The Truth About Sales
Sales positions are a greatly misunderstood role within a business and don’t get the credit it deserves.
Being in a sales role isn’t what most people make it out to be. Sales is an undeniably valuable part of business, which requires skills that are in high demand.
The Most Common Misconception
You have to be a lying, manipulative and immoral person to succeed in Sales
This is a faulty perception. In reality, sales involves helping people solve their problems. If your product is going to save the customer money over the competition then you’re doing them a favor.
In reality, the quality of a person determines the results the person will have in the sales world. If someone is a bottom feeder who uses low tactics to exploit other then they probably won’t make it very far. There’s something interesting about the world nowadays, and it’s that people can usually tell the difference between someone who genuinely wants to help you can someone that is inauthentic and lying and not really into what they’re selling.
Sales in today's economy has evolved past these strategies and into more developed and higher-level functions. Sales involves providing information based on research and showing a customer exactly how a product will benefit them in the long term of another alternative. And if it doesn’t benefit someone then it's not always going to be valuable to the salesperson to try to follow through with what they’re trying to sell even if it doesn’t help the customer. There’s no longer this incentive to close a deal at any cost.
Sales in today’s economy is more about listening and catering to the needs of the customer than it has been in the past. No longer are customers as willing to buy based on pure logic and rationality. It’s more about catering to the emotional needs of the customer and to resolve the dissonance they have within their own business.
Skills that are learned in Sales
Unlike common perception, being in sales isn’t only about being a charismatic extrovert who can talk fast and effectively. Even an introvert can thrive in this role and introverts do thrive. Whats more important are other personality traits like persistence, empathy, and compassion for the person on the other side of the phone.

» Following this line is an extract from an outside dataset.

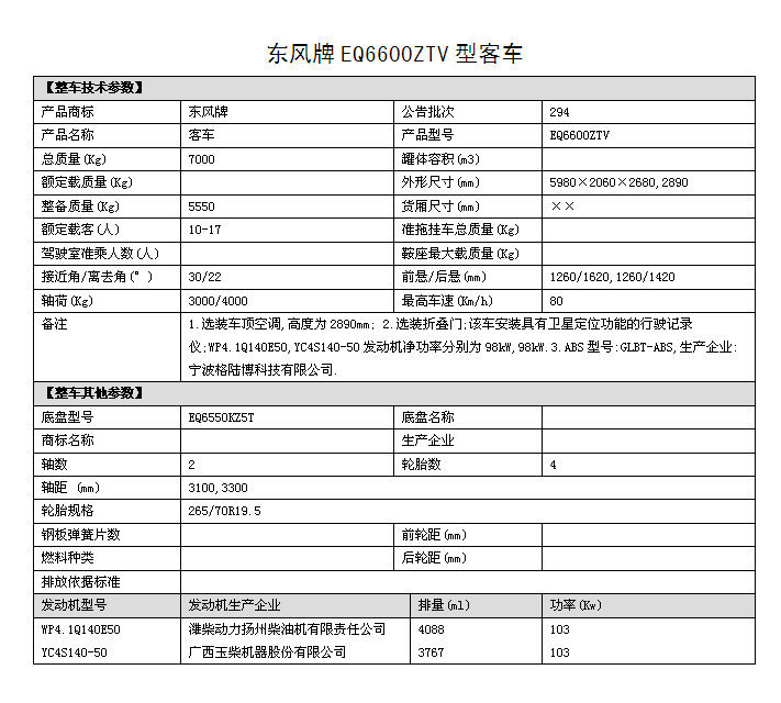 EQ6600ZTV四驅越野客車圖片,國五排放四驅10座越野客車價格,6米四驅客車多少錢,東風四驅越野客車參數(shù)配置: 1.底盤型號EQ6550KZ5T,發(fā)動機型號:YC4S140 50 國五排放 2.整車外形尺寸長寬高:(5980×2060×2890)mm 驅動形式:4×4 東風分時四驅 3.離合助力,方向助力,斷氣剎,鼓式自動,駕駛區(qū)域空調 4.車橋為東風德納,輪胎為265/70R19.5型越野輪胎,ABS 5.工具箱,前置防裝杠,粘接式推拉玻璃,發(fā)動機底板防護 6.鋁花紋地板,中檔皮革座椅10個+1個折疊座椅,整車座椅安全帶,手動式外擺門,正副司機門,后置雙開門,東風原廠派恩頂置空調 , 7.窗簾,滅火器兩個,備胎一個,獨立燃油暖風系統(tǒng)帶兩個雙面王出風口 8.其它為EQ6600ZTV型四驅越野客車標配。具體配置參數(shù)參照(附件一)。 成品合格證、全額上戶發(fā)票、隨車工具、隨車文件各一套。
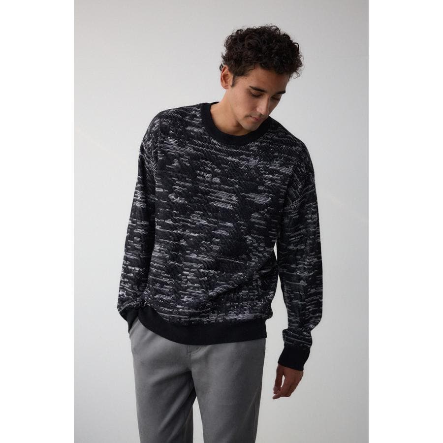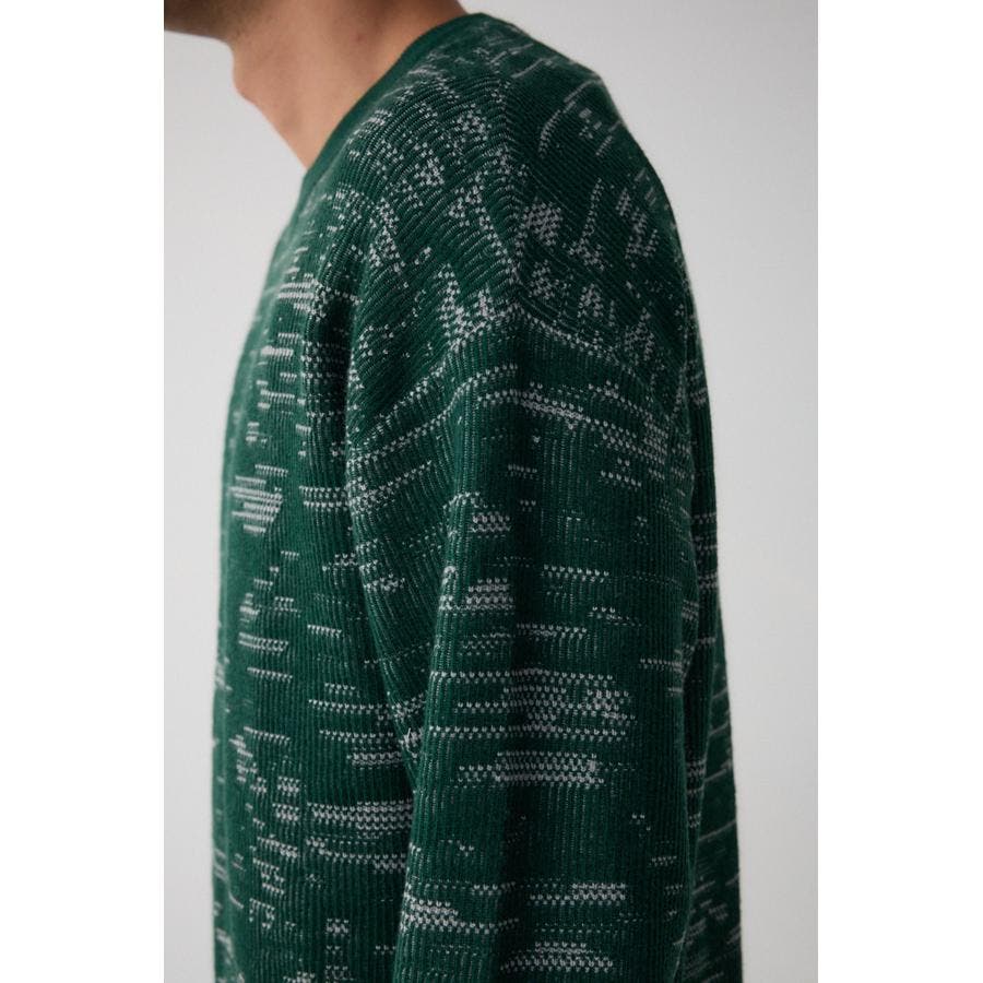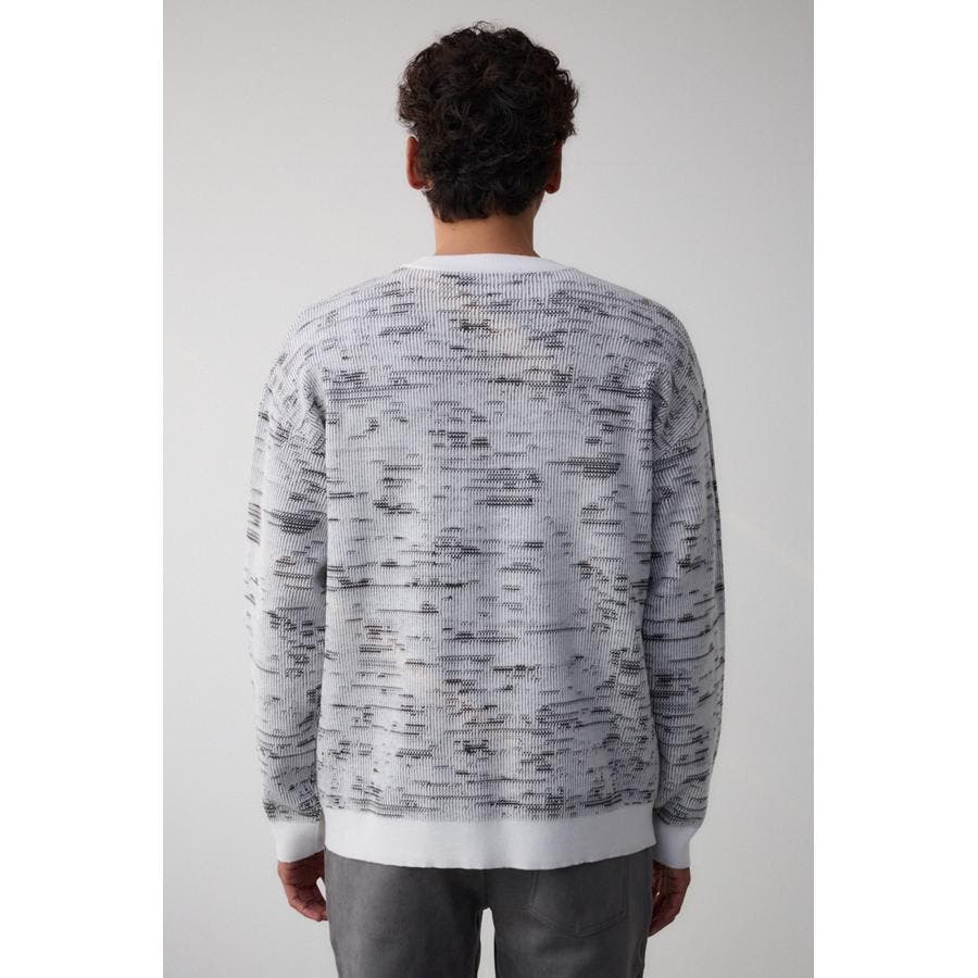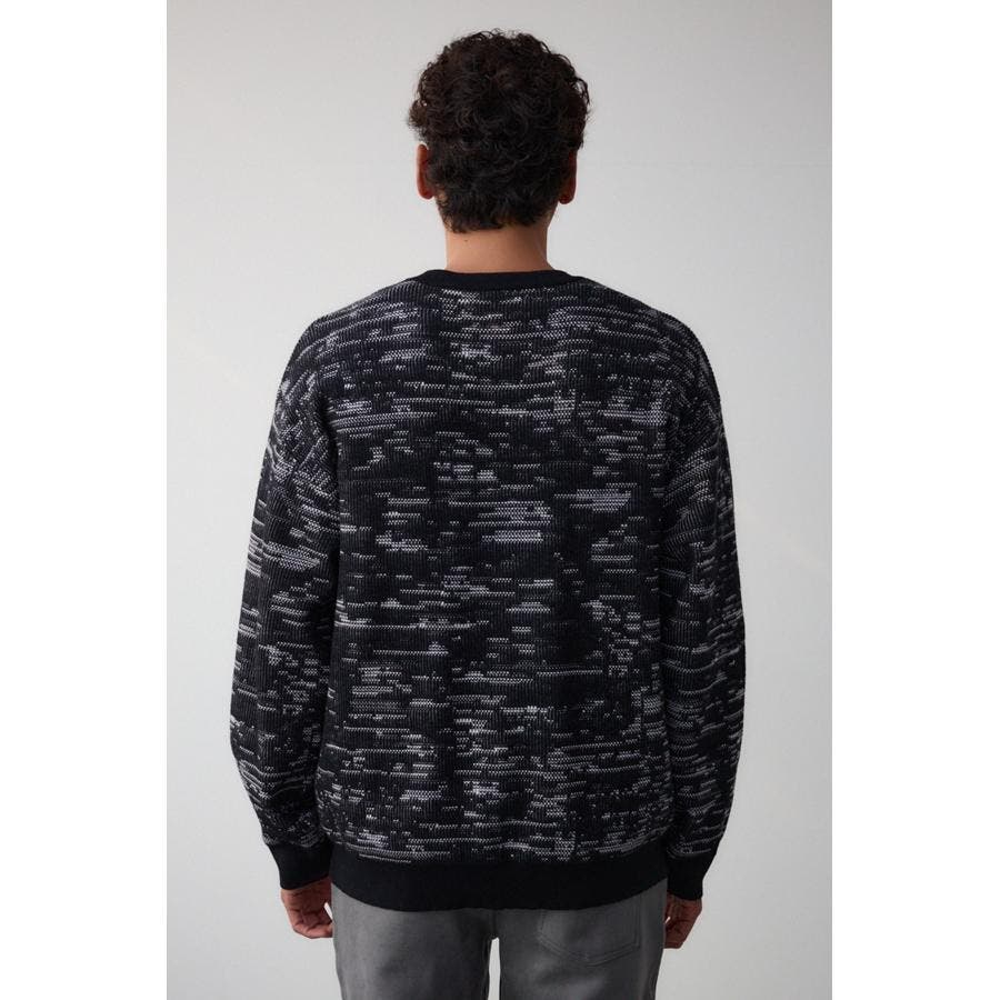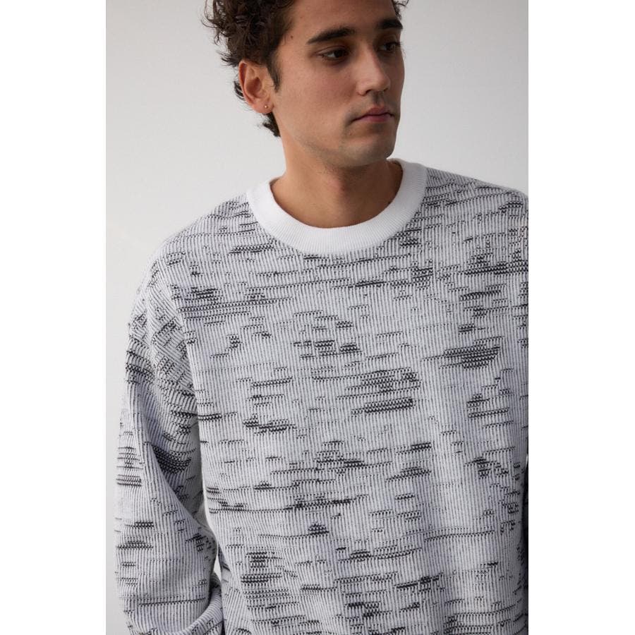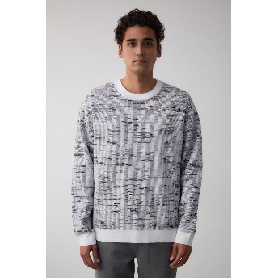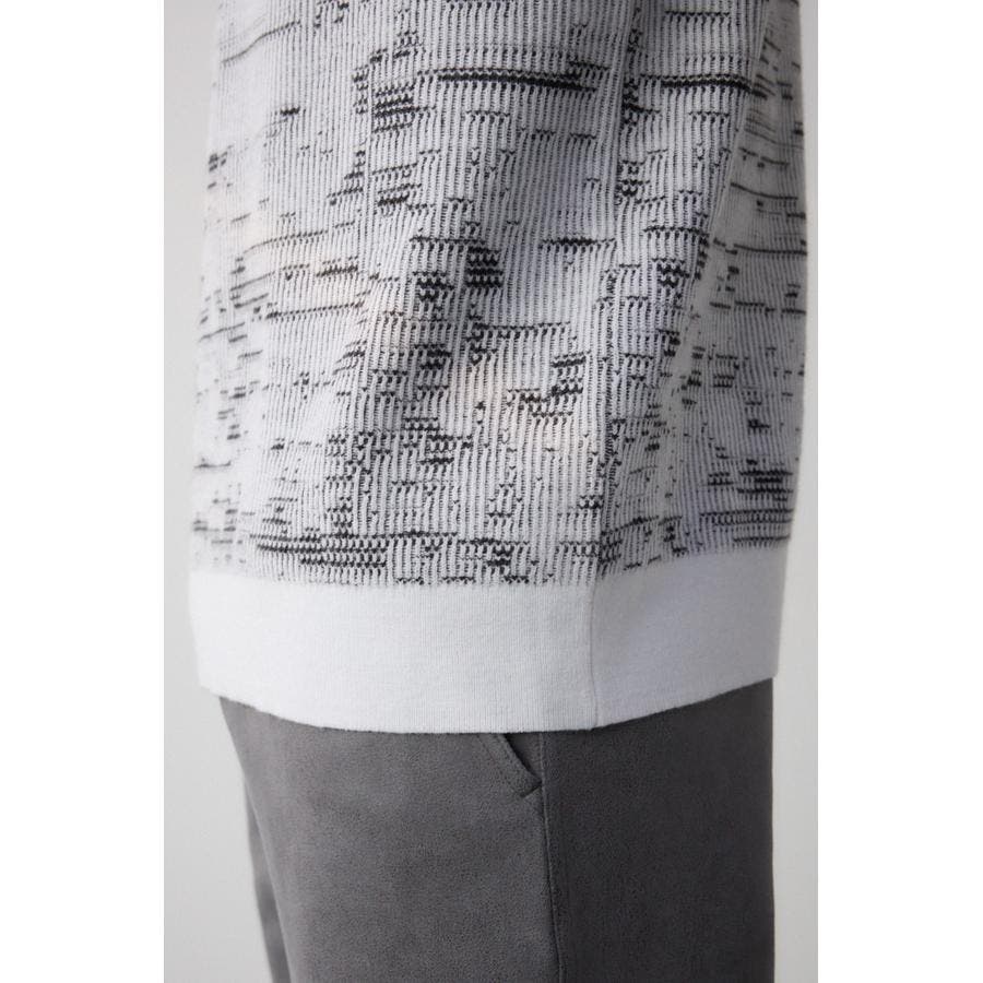 毛羽感とストレッチ性のある糸をダブルジャガード編みで、杢調のコントラストを編み柄で表現することにより、アブスト柄のニットに仕上げました。

And because a sales position involves building soft skills, this subsequently creates job security. If you can show a future employer that you have built communication, creativity, and charisma in a way that empowers you to be effective and make money for their company then this is much more enticing and valuable than the opposite approach.
It also builds up resilience because no one is ever going to close 100% of deals, not even close to that. This leads to the obvious rejection, and when you learn to not take that rejection personally you’ve subsequently built up another skill that can help you in future endeavors.
How a sales team fits into an overall Business
The sales team is integral to the business as a whole because it’s the final step after marketing has done its work to get you leads. Your job is to turn those leads into actual paying customers. Without a sales team, there would be no money flowing into the business and thus the business would collapse in on itself. Thus it’s one of the most foundational roles of any business.
Where marketing focuses on big-picture goals such as customer demographics and interests, as well as gaining leads. Sales, on the other hand, focuses on specific goals and metrics pertaining to how many of those leads we can turn into paying customers (aka a quota).
This role is rewarding because if done right and quotas are hit then it involves extremely flexible work opportunities, and lucrative bonuses and commission checks coming in.